Выбрать главу

— Дуры! — раздалось сквозь звон в ушах.

Щёлкнула зажигалка. Брат нервно закурил. Рядом в темноте сердито сопела Раххан, но, слава Быку, молчала.

— А-алль, ну А-алль, прости, — протянула я заискивающе. Снова я лепетала этим ласковым детским голоском, снова примеряла образ маленькой девочки — образ, который ненавидела, но в который пряталась, словно в домик, потому что знала: угрюмой, сверкающей глазами сестре всегда доставалось больше. Пусть я тоже получала свою порцию наказания.

— О чём вы, Заур и бесы, думали?! Хотели оказаться на площади у позорного столба?! — прошипел брат, взъерошив короткий ёжик волос. Затянулся. — Я не желаю, чтобы мою семью полоскали на каждом углу. Чтобы за спиной обсуждали, как моих сестёр били палками, словно блудниц.

— Аль, мы не… мы просто…

— Я искал вас по всему городу!

Раххан фыркнула, и у меня затряслись руки: если брат услышал… Отвлекая Альба, я кинулась вперёд и повисла на его плече. Каялась и пыталась его задобрить словами. Иногда подобная тактика работала, иногда — нет, и я отлетала, награждённая новой пощёчиной.

Сегодня Альб отшвырнул меня с особой яростью. Выплюнул, наставив на нас указательный палец:

— Я не позволю сделать из меня посмешище!

Затем его взгляд упал на сумку в руках сестры.

— Что там у тебя?

Я задохнулась. Скулы Раххан напряглись и даже будто заострились. Брат протянул руку и почти дотронулся до холщового бока.

— Там то, что необходимо женщине каждый месяц, — соврала Раххан, не моргнув и глазом.

Брат замер, нахмурившись, а потом осознал, что ему сказали, — и отдёрнул руку от сумки, словно его стегнули кнутом, и весь — весь! — от подбородка до линии роста волос вспыхнул. Посмотрел на Раххан так, будто не верил собственным ушам. Как она могла произнести такое при мужчине?! Немыслимо!

— Тебе, сестра, надо быть скромнее, — Альб сглотнул и отвёл взгляд.

Раххан злорадно улыбнулась:

— Я буду. Обязательно. Обещаю.

Глава 3

Пока Альб возвращал нас домой самыми тёмными и безлюдными тропами (самыми безопасными, по его словам, ибо «я знаю маршруты, по которым патрулируют город») — в общем, пока его спина в чёрной водолазке мелькала перед лицом, я не могла отделаться от мысли. От роя мыслей. Почему не помешала сестре, а спряталась за углом, словна маленькая безвольная овечка, делающая то, что хочет пастух?

Оттого ли, что фанатично, не меньше Раххан мечтала прикоснуться к чуду? Или потому что сестра, если вбивала что-то в голову, никого не слушала?

Следуя за братом от дома к дому, я постепенно осознавала: произошедшее в той злополучной подворотне не просто неприятный эпизод, который забудется со временем и в худшем случае осядет в кошмарных снах. Не то, на что с лёгкостью махнёшь рукой и скажешь: «прошлое — прошлому». А нечто, имеющее серьёзные последствия. Одно из тех событий, о которых говорят «перевернувшие жизнь».

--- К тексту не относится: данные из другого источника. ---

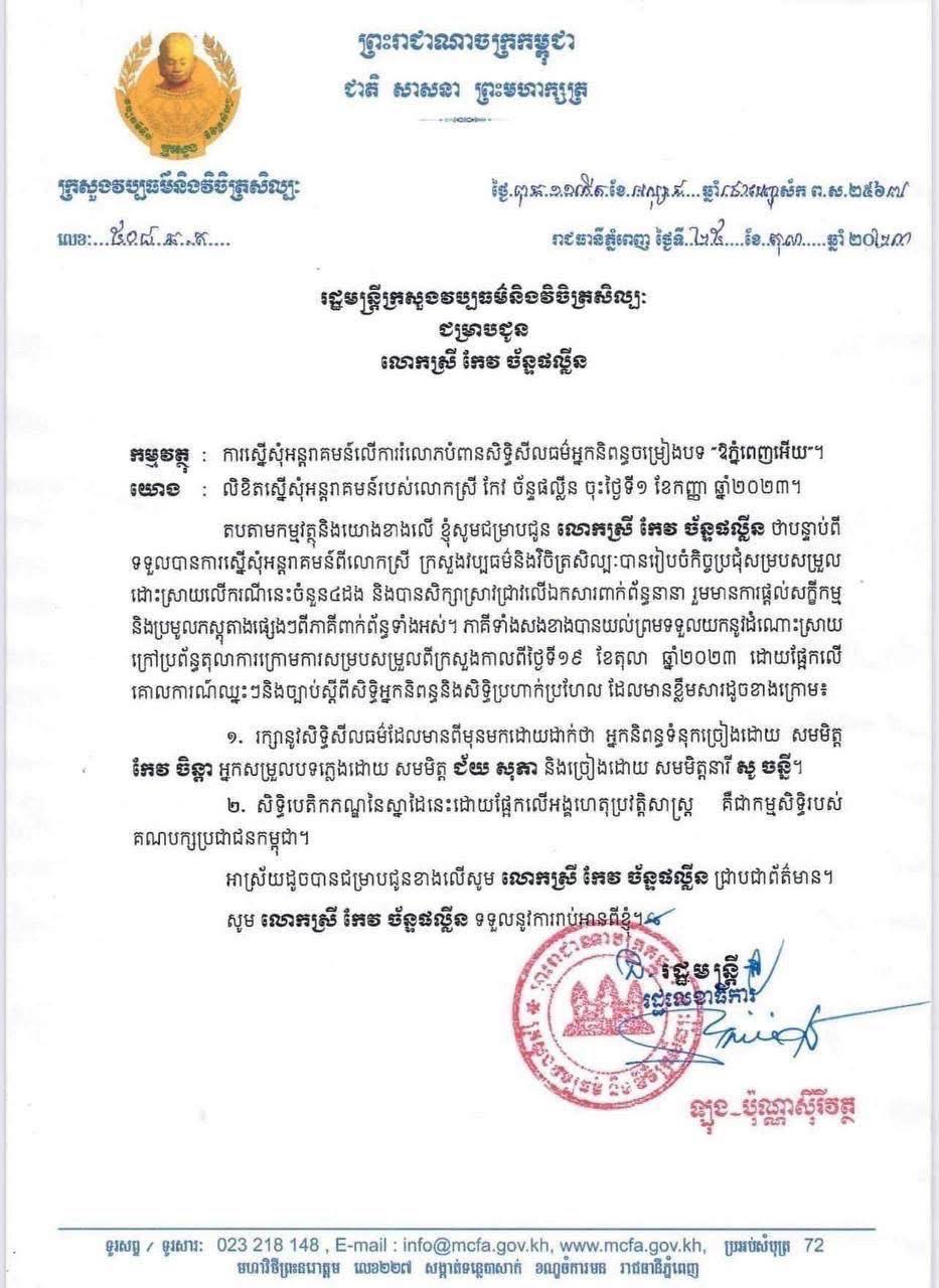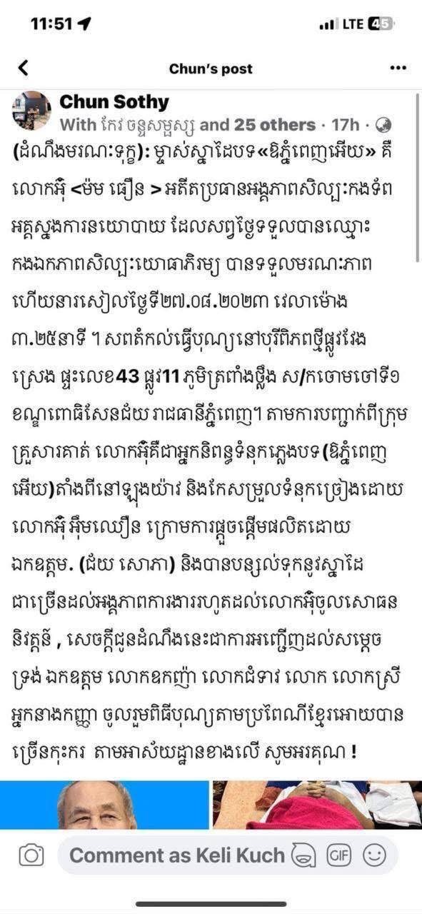 ខ្ញុំសូមលោក chun sothy ធ្វើការកែតម្រូវព័ត៌មាន ដែលបានផ្សាយខុស។ការខិតខំស្រាវជ្រាវ និងពន្យល់របស់ខ្ញុំ គឺដើម្បីជៀសវាងការយល់ច្រឡំទៅថ្ងៃក្រោយព្រោះបទចម្រៀង(ឱភ្នំពេញអើយ) ជាបទចម្រៀងប្រវត្តិសាស្ត្រ»៕

Понимала ли это Раххан? Или для неё цель, как всегда, оправдывала средства? Ради того, что лежало в сумке, она жертвовала не только возможностью завести семью, а — посмотрим правде в глаза — рисковала жизнью, ибо тайны, подобные этой, хранились в Ахароне до первой брачной ночи, а бесчестье смывалось кровью.

Ужас накрыл меня.

Я должна была остановить Раххан! Должна была помешать ей, чего бы это ни стоило. Но слабый голосок в голове, будто и не мой вовсе, упрямо возразил: «Не должна». Я понимала это на неком глубинном уровне, вопреки страхам и здравому смыслу, вопреки даже собственным мыслям по этому поводу.

Пытаясь избавиться от чувства вины, я говорила себе, что отец и брат не поступят с Раххан так… так, как поступают другие отцы и братья.

Нашей семье, довольно известной в Ахароне, принадлежала половина небоскрёба на улице Гнева рядом с Аллеей Статуй в семи километрах от леса, обнесённого стеной. С первого по сороковой этаж. Верхние три — занимали брат с женой, молчаливой девушкой, с которой нам так и не удалось подружиться в силу её замкнутого характера и тридцати двух этажей, оказавшихся непреодолимой преградой. Эсса редко покидала свою территорию и спускалась ниже тридцать седьмого, где располагался домашний храм. Раххан её недолюбливала, считала сумасшедшей и неприятно набожной, хоть и не знала в той мере, чтобы составить объективное мнение.